"Head Like a Hole" is a song by the American industrial rock band Nine Inch Nails, released as the second single from the group's debut album, Pretty Hate Machine.

Although one of the more rock-oriented tracks on the album, many elements of electronic and dance music are still featured. The lyrical contents deal with themes of betrayal and angst, consistent with the rest of the album.

"Head Like a Hole" is among the band's most famous songs, and remains both a critical and fan favorite. It enjoyed heavy rotation on the radio at the time of its release, eventually reaching number 9 on Billboard Bubbling Under Hot 100 chart. It has been covered by several artists, including Devo, Showbread, AFI, Korn, and even Carnifex. The song was also rewritten as "On a Roll" (performed by Miley Cyrus in character as Ashley O) for the Black Mirror episode "Rachel, Jack and Ashley Too".

Recording
Trent Reznor wrote "Head Like a Hole" in 1988, after touring with Skinny Puppy. Flood, Adrian Sherwood, and Keith LeBlanc were co-producers of the song, and it was recorded in 1989. "Head Like a Hole" was one of the last songs completed for the album, since Flood did not arrive to the studio until the completion of Depeche Mode's Violator (1990). Reznor said that the song emerged from the feel that "I needed something to kind of break the guitars out and be a bit more aggressive", while also conveying his fears that TVT Records would not be helpful to him, with the aggression turned up further by producer Keith LeBlanc after Reznor learned that the label had not liked the early version of his album.

Music and lyrics
"Head Like a Hole" has been classified as an industrial rock and electronic rock song, and recognized as an "industrial dance anthem". The tempo is 115 BPM, and it is played in the key of E Minor.
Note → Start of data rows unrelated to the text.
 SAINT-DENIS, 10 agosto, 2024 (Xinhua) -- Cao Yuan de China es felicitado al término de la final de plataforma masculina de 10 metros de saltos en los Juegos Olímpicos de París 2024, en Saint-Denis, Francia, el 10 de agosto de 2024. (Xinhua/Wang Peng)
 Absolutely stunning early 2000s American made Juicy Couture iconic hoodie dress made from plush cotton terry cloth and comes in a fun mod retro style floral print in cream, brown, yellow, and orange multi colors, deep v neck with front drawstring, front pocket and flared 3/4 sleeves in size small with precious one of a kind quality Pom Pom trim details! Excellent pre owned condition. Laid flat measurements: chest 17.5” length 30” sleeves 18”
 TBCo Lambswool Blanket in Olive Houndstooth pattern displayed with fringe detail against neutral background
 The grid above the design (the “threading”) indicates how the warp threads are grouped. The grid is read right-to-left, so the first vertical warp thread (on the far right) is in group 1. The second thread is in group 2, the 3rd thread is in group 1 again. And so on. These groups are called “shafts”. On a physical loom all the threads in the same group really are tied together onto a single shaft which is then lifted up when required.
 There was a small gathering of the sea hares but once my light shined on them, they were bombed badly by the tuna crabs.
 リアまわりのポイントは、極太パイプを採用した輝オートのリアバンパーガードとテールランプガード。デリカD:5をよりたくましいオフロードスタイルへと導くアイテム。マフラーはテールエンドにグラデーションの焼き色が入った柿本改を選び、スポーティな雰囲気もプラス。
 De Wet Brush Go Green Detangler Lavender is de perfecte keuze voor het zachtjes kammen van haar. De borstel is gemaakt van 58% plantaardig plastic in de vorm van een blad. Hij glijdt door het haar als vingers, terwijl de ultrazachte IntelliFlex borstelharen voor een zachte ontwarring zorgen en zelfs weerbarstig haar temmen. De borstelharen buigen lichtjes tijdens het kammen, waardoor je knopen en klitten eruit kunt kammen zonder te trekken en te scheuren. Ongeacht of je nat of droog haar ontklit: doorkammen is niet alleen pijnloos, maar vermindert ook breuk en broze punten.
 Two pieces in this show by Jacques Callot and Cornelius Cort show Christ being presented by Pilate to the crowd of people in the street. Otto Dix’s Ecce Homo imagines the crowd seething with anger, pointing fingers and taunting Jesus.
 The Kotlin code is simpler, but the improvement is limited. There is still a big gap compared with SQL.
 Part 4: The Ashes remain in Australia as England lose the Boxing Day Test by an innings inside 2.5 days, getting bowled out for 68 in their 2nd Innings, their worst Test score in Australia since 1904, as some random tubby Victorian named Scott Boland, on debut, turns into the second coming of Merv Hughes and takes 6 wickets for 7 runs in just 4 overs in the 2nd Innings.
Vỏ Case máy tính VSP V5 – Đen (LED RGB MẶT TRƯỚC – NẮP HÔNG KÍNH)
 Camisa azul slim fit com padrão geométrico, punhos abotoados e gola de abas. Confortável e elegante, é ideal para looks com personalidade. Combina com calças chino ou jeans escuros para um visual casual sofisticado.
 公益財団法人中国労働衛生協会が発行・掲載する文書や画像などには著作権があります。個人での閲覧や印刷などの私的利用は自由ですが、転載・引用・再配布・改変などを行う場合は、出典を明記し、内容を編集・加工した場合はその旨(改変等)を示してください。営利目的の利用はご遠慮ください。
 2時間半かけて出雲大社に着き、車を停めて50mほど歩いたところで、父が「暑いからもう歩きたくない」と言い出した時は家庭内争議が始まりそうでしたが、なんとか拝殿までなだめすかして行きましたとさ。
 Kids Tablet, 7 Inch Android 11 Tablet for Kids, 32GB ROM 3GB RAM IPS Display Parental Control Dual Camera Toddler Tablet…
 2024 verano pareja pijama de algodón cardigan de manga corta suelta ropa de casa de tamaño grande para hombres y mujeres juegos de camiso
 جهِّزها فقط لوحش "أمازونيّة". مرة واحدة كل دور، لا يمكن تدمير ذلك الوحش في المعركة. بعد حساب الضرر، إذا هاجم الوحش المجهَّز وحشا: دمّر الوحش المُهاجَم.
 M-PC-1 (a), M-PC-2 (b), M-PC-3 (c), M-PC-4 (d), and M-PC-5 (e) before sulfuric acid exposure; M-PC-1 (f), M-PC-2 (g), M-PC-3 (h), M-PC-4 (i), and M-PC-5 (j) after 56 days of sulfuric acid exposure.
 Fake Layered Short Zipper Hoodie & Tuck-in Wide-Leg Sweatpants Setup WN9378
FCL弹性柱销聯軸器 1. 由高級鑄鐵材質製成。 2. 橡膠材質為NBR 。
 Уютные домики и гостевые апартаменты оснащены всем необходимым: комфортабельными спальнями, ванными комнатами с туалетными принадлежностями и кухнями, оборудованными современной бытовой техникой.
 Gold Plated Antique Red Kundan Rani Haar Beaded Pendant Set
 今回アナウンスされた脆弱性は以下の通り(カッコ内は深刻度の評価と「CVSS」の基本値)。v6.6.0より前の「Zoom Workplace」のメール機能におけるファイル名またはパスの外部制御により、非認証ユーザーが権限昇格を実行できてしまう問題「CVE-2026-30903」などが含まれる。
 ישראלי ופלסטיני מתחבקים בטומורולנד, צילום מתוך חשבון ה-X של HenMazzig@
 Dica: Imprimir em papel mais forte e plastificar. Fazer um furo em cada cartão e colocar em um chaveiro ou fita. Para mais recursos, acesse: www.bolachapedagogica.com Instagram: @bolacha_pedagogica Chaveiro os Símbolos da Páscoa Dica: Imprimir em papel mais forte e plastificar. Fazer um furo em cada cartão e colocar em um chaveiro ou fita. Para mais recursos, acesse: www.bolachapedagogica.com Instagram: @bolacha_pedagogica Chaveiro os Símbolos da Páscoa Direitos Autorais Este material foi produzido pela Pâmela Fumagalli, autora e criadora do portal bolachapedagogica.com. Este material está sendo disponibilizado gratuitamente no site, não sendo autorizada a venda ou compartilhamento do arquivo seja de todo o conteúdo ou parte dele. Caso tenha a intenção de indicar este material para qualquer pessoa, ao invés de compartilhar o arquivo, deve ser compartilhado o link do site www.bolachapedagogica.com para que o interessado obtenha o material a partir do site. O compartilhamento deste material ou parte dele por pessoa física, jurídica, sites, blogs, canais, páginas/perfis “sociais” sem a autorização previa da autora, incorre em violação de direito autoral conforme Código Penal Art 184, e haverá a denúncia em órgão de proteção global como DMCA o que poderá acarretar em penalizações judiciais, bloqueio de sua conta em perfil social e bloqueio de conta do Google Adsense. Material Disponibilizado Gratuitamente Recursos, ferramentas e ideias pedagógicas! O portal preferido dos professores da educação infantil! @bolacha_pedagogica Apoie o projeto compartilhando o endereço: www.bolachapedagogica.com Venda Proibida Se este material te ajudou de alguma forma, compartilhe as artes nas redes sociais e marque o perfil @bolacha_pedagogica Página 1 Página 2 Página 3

The chords of this song are similar to the project's debut single, "Down in It". In contrast to "Down in It", "Head Like a Hole" has a longer intro, lasts roughly one minute longer (the song is five minutes long in its aggregate length), is heavy metal music-oriented, and has no rapping. "Head Like a Hole" is also the opening track on Nine Inch Nails' 1989 debut album, and is one of the two Nine Inch Nails songs produced by Flood to appear on Pretty Hate Machine.

Release and reception
Labeled as "Halo 3", Head Like a Hole is the third official Nine Inch Nails release, containing remixes of three different songs from Pretty Hate Machine. The single release is longer in duration than the album itself. The single peaked at #28 on the Billboard Modern Rock Tracks chart.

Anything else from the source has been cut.